On the Readings for Sunday, August 12, 2018

(Image: bykofoto |

• 1 Kgs 19:4-8
• Ps 34:2-3, 4-5, 6-7, 8-9
• Eph 4:30—5:2
• Jn 6:41-51

“I’m hungry! I’m starving!” What parent hasn’t heard this (often exaggerated) complaint?

It is common to young children, but certainly not limited to them. When I was in high school I went on a ten-day hiking trip with a small church group. On the seventh day, due to poor planning, the food ran out and the complaints began. For a couple of days I had a very small taste—so to speak!—of what the Israelites experienced while wandering in the desert. Like them, I murmured and grumbled about the leaders: “But you had to lead us into this desert to make the whole community die of famine!” (cf. Ex. 16:2-4).

That complaint was part of the Old Testament reading last week. In today’s Gospel we find that the Jews—those religious leaders ardently opposed to the person and message of Jesus—were murmuring and complaining. They were upset by his claim to be the “bread of heaven that came down from heaven.” The basis for their murmuring disbelief can be summarized quite simply: “We know who this Jesus really is!” This exchange, after all, took place near Capernaum, which was the center for much of Jesus’ public life and ministry (cf. Jn. 2:12; Mk. 2:1).

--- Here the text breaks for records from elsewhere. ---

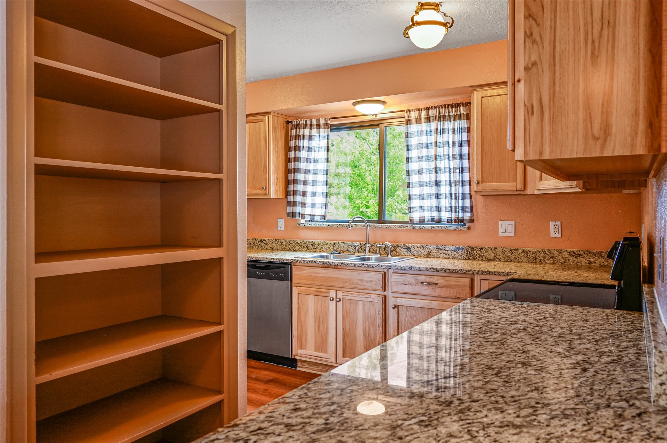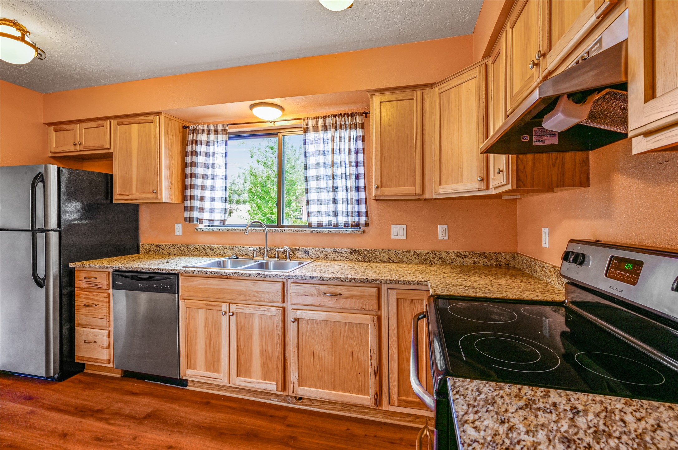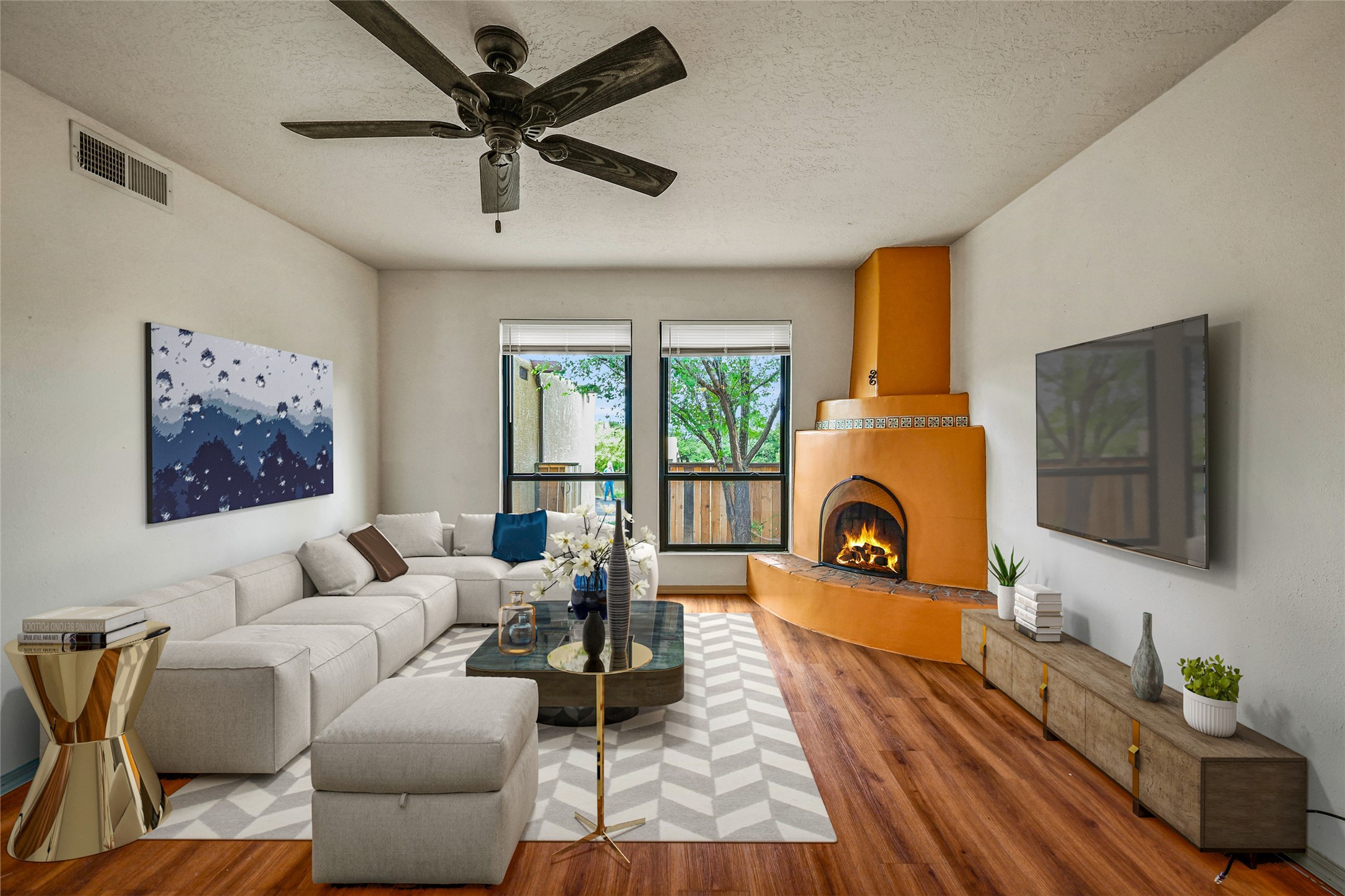 Charming end-unit townhome in the sought-after Park Plazas Community! This home boasts two cozy living spaces, each with its own Kiva fireplace. The recently remodeled kitchen adds a modern touch, while brand-new carpet in the bedrooms offers comfort. Enjoy the outdoors with private courtyards in both the front and back. Recent upgrades include a new furnace and A/C (July 2022). The community features tennis courts, pickle ball courts, walking trails, playground, gated RV storage, and a dog park, making it an ideal place to call home.
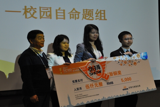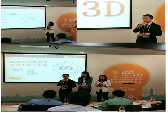 2014年11月21日至23日,我校两支参赛组合——“Corlorful life”和“张扬show” 奔赴昆山,参加“2104 TiC100智慧城市与物联网创新经营模式全国总决赛(以下简称TiC100大赛),经过紧张激烈的比赛角逐,分别收获企业命题组和校园命题组卓越创新铜奖(一等奖)。
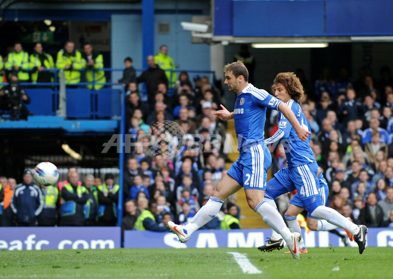 後半17分に先制ゴールを決めるチェルシーのブラニスラフ・イヴァノヴィッチ(Branislav Ivanovic、左、2012年4月7日撮影)。(c)AFP/OLLY GREENWOOD
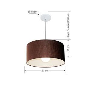 Lustre Pendente Cilíndrico 4052 Cúpula Tecido 50x21cm Café
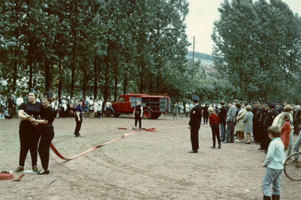 Anlässlich des 60 jährigen Bestehens der Freiwilligen Feuerwehr Dirmingen, wurde am 01. Februar 1970, auch eine Frauenfeuerwehr gegründet, die aber nach Außen hin nur übungsmäßig in Erscheinung getreten ist. Ihr erste öffentliche Übung hatten die Damen der Feuerwehr aus Dirmingen am Kreisfeuerwehrtag, der 1970 in Dirmingen statt fand. Es wurde auf dem Marktplatz in Dirmingen eine Angriffsübung auf ein brennendes Häuschen durchgeführt. Die Übung war ein Erfolg und die Damen der Feuerwehr Dirmingen erhielten Applaus und auch die Presse war vor Ort um später davon zu berichten. Der erste Ausbilder der Frauenfeuerwehr war Löschmeister Alfons Groß, Ursula Heintz leitete die Frauengruppe. Später übernahm Gotthard Detzler die Ausbildung und Irene Dörr die Leitung. In den späteren Jahren löste sich die Frauenfeuerwehr Dirmingen wieder auf, die Erinnerungen an sie sind aber geblieben. Es dauerte nun über 20 Jahre bis die ersten Frauen, offiziell mit allen Rechten und Pflichten, in die Feuerwehr aufgenommen werden durften. Heute gehören zum Gesamtbild der Freiwilligen Feuerwehren auch viele Frauen, die genau wie Ihre männlichen Kollegen, den Dienst für den Nächsten freiwillig und engagiert tun. Wenn auch die damalige Frauenfeuerwehr in Dirmingen nur zu Repräsentationszecken gegründet wurde, so kann man in Ihnen den Denkanstoß an die Politiker dieser Zeit sehen, Frauen in der Feuerwehr als aktive Mitglieder zuzulassen.
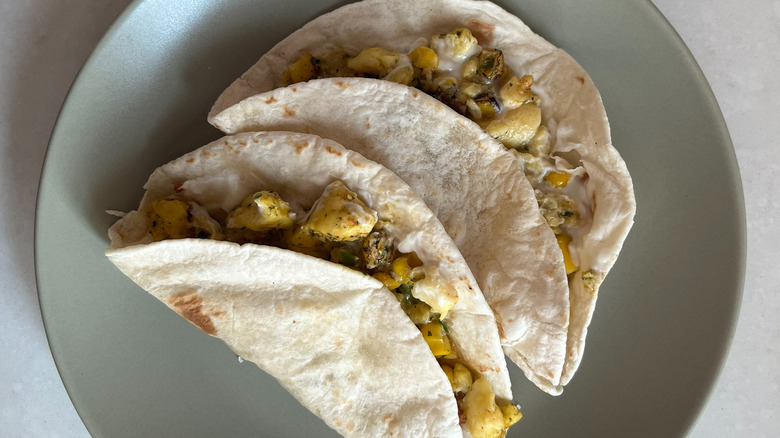 We drove through to pick up a few tacos, and the drive-thru attendant tried to warn us that they were too spicy — spoiler alert, they're not! The lime crema provides a nice amount of heat, though if you really like things spicy, you'll want to add some salsa or hot sauce. The eggs are probably pre-cooked, but they taste freshly scrambled, not rubbery. The street corn adds a light crunch, and the cheese was just enough without being overwhelming.
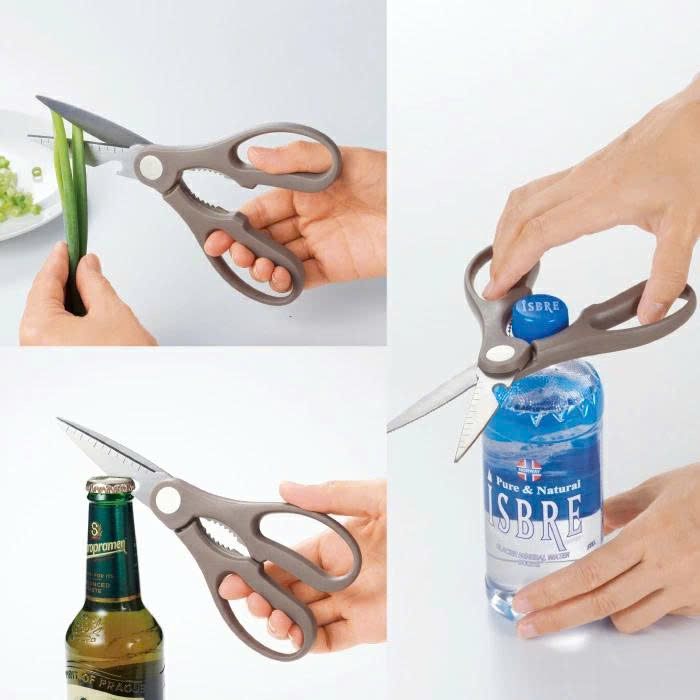 - Kích thước: Kéo/200 x 87 mm, Hộp/191 x 82 mm - Bao bì: Hộp quà tặng. Có 2 lựa chọn màu sắc: Nâu và Xanh - Chất liệu: Thép không gỉ, PP, Nam châm - Công dụng: Chiếc kéo nhà bếp đa năng kèm vỏ đựng nam châm có thể gắn tủ lạnh giúp bạn luôn ghi nhớ vị trí khi cần sử dụng ngay và rất an toàn khi để ngoài tầm với của trẻ nhỏ. Ngoài chức năng cắt thực phẩm thông thường còn dùng để mở nút chai bia, nắp nhựa. - Hàng nhập từ Nhật, sản xuất tại Trung Quốc.
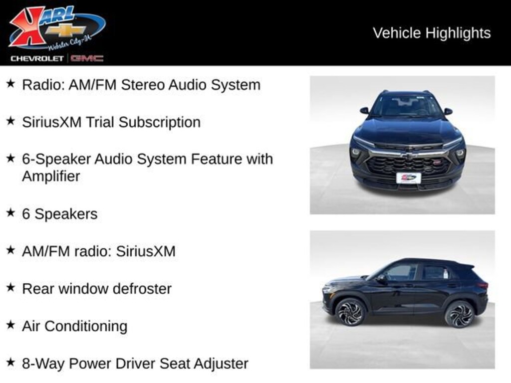 1 Type-A and 1 Type-C USB Ports, 2-Way Power Driver Lumbar Seat Adjuster, 4-Way Manual Front Passenger Seat Adjuster, 6 Speakers, 6-Speaker Audio System Feature with Amplifier, 8-Way Power Driver Seat Adjuster, Air Conditioning, AM/FM radio: SiriusXM, Brake assist, Driver door bin, Driver vanity mirror, Dual front impact airbags, Dual front side impact airbags, Electronic Stability Control, Evotex Seat Trim, Exterior Parking Camera Rear, Flat-Folding Front Passenger Seatback, Front anti-roll bar, Front Bucket Seats, Front reading lights, Heated Driver and Front Passenger Seats, Heated front seats, Heated steering wheel, Knee airbag, Occupant sensing airbag, Overhead airbag, Overhead console, Power door mirrors, Power steering, Power windows, Radio: AM/FM Stereo Audio System, Rear window defroster, Rear window wiper, Remote keyless entry, Ride and Handling Suspension, SiriusXM Trial Subscription, Telescoping steering wheel, Tilt steering wheel, Trip computer, Wheels: 19 High Gloss Black Machined Aluminum, Wireless Apple CarPlay/Android Auto. Black 2026 Chevrolet TrailBlazer RS 4D Sport Utility 1.3L I3 Turbocharged DOHC 12V LEV3-SULEV30 155hp 26/29 City/Highway MPG 9-Speed Automatic AWD
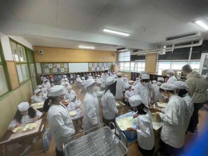 今日から給食が始まりました。初めての給食にドキドキワクワクの様子でした。6年生が給食室での食器などの受け取り方や配膳の仕方を教え、1年生はしっかりとその姿を見ていました。1年生は一人ひとりに合った量をしっかり食べることができました。

Jesus responded to the complaints by appealing to the two authorities found throughout his discourses in the Fourth Gospel: the Father and the prophets. Belief in the Son, he said, is a gift from the Father, and testimony to this fact is given by the prophets, whose entire mission was to exhort the people to hear God, learn from Him, and obey Him. The Son was sent to draw men to the Father; likewise, no man comes to the Father except through the Son.

This exclusive claim, which was just beginning to come into focus for the Jews listening to Jesus, is just as demanding and divisive today as it was two thousand years ago. This is why the Church, from the day of her birth, has had to address every sort of skewed understanding and false teaching about the person of Jesus Christ.

Jesus then uttered the third, “Amen, amen,” of this discourse. The first (v. 26) had been a rebuke of the selfish motives and lack of faith shown by those following him. The second (v. 32) prefaced the revelation that he is the bread of life. The third is an invitation to faith: “Amen, amen, I say to you, whoever believes has eternal life. I am the bread of life.” The manna in the wilderness was indeed miraculous in its source, but natural in its substance; those who ate it were physically nourished for a while, but eventually died.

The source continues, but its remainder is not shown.